## Brief
Could you restate word for word only the lines below from the one holding "published on Monday." to the one holding "E. arachidis secondary", inclusive, and leave out the pictures?

## Supplied records
★ ★ ★ ★ ★ ★ ★

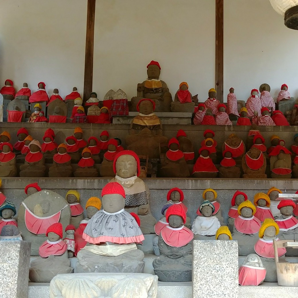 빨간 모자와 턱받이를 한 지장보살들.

★ ★ ★ ★ ★ ★ ★

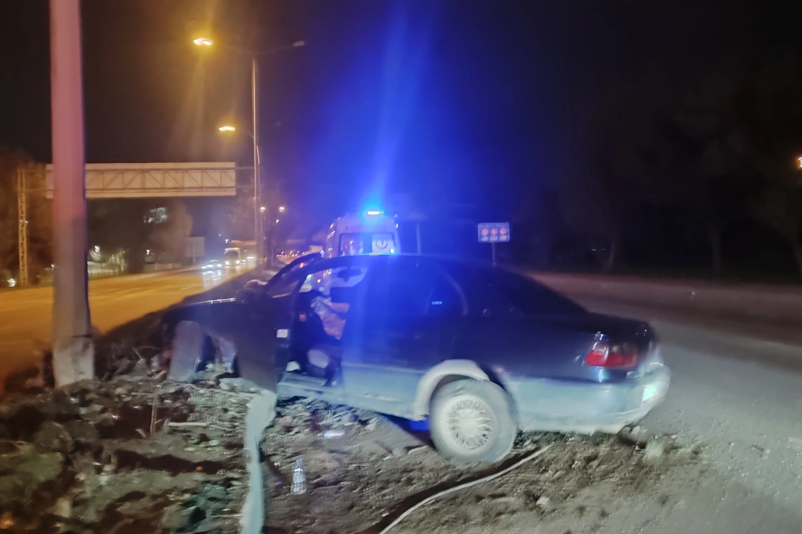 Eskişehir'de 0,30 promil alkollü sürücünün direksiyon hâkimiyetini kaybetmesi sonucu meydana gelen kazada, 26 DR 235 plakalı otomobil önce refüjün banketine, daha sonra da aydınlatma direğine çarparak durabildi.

★ ★ ★ ★ ★ ★ ★

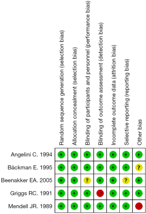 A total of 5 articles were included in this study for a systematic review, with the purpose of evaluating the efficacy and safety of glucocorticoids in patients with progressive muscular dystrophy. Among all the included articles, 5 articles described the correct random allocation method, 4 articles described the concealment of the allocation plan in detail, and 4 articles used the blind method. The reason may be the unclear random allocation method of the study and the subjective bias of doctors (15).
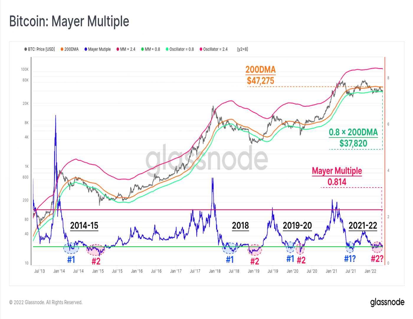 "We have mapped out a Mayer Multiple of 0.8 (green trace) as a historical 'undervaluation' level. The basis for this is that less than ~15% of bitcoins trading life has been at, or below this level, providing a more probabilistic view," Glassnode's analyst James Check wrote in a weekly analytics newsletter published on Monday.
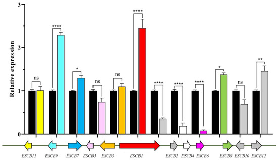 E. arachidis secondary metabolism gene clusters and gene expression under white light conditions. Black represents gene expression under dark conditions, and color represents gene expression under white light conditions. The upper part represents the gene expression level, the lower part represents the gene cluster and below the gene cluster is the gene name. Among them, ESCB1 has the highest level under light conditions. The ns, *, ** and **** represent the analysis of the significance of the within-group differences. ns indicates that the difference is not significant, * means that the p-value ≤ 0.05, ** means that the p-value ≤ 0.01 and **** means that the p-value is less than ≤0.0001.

★ ★ ★ ★ ★ ★ ★

## Answer area
 "We have mapped out a Mayer Multiple of 0.8 (green trace) as a historical 'undervaluation' level. The basis for this is that less than ~15% of bitcoins trading life has been at, or below this level, providing a more probabilistic view," Glassnode's analyst James Check wrote in a weekly analytics newsletter published on Monday.
 E. arachidis secondary metabolism gene clusters and gene expression under white light conditions. Black represents gene expression under dark conditions, and color represents gene expression under white light conditions. The upper part represents the gene expression level, the lower part represents the gene cluster and below the gene cluster is the gene name. Among them, ESCB1 has the highest level under light conditions. The ns, *, ** and **** represent the analysis of the significance of the within-group differences. ns indicates that the difference is not significant, * means that the p-value ≤ 0.05, ** means that the p-value ≤ 0.01 and **** means that the p-value is less than ≤0.0001.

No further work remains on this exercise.